According to Carolina A. Miranda, writing for the November 13th Los Angeles Times, “the electoral map as we know it distorts the size of the different voting populations. The state of my birth, Wyoming, is the 10th largest U.S. state by area, but with a population of only 579,000 people, it has only three electoral votes. Yet its broad swath of redness plays an outsize role in our electoral maps. New Jersey, by contrast, with 9 million people and 14 electoral votes, takes up far less room.

“Naturally, this design reflects the design of our electoral system, in which the votes for president are tabulated by state in a winner-takes-all fashion — part of the electoral college system (which, frankly, has no place in a 21st century democracy ).

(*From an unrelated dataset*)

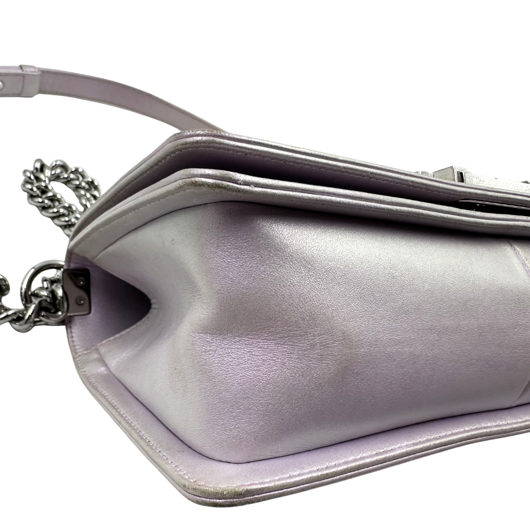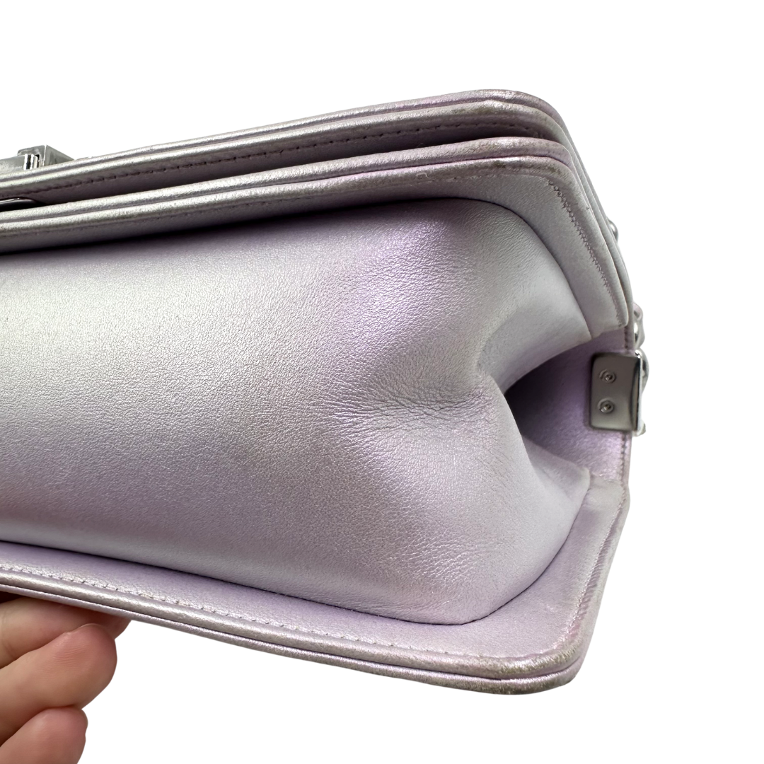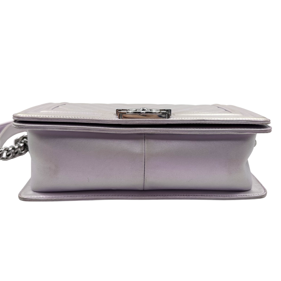 Iridescent lilac lambskin with silver hardware and iconic CC push lock closure. This Chanel Chevron Boy Bag combines luxe craftsmanship with timeless design—perfect for adding an elegant pop of color to any outfit.

But as these maps continue to be widely employed by media across the political spectrum, they systematically reinforce the idea that the U.S. is either Red Territory or Blue Territory without overlap or exception. And that is wrong.

“In response, designers have been trying to find better, more nuanced ways to visualize election data — such as the unusual honeycomb-patterned map, created by the politics site FiveThirtyEight, which shows electoral college votes from the 2016 election to scale. Likewise, Greg Albers, an L.A.-based digital publisher who writes about issues of digital literacy, created an experimental map that shows the U.S. in gradients of purple.

“During this election, France’s Le Monde has experimented with more proportional graphics , showing the number of electoral votes for each state laid over a geographical map — so Wyoming is marked by three red blocks, while New Jersey gets 14 blue ones. And the New York Times has also been experimenting with map design on its election site, including a Blokus-style electoral votes map, but the page opens with a traditional electoral map and you have to click through to find the alternates.

“[In the first week of November], a series of GIF maps created by Karim Douïeb, co-founder of Jetpack.AI, a data science company based in Brussels, went viral for showing different ways in which election data might be displayed in map form. His designs, first released in 2019, visualize election returns in ways that give more texture to where and how Americans are voting… As he notes in an online presentation : ‘Acres don’t vote, people do.’… Douïeb says he was inspired to create his maps after seeing a tweet posted last year by Lara Trump (a former TV producer who is married to Eric Trump) that showed a traditional county-by-county map along with the inscription, ‘Try to impeach this.’… While designing better maps won’t fix the fractures in our electoral system, they can help tell a better story about who we are and the spaces that we share.” Maybe, given our Constitution, acres actually might be voting!

I’m Peter Dekom, and given our current polarization and demographic configuration, applied under our existing constitutional form of government, the United States, even with a new president, is in for a very long, rough political ride.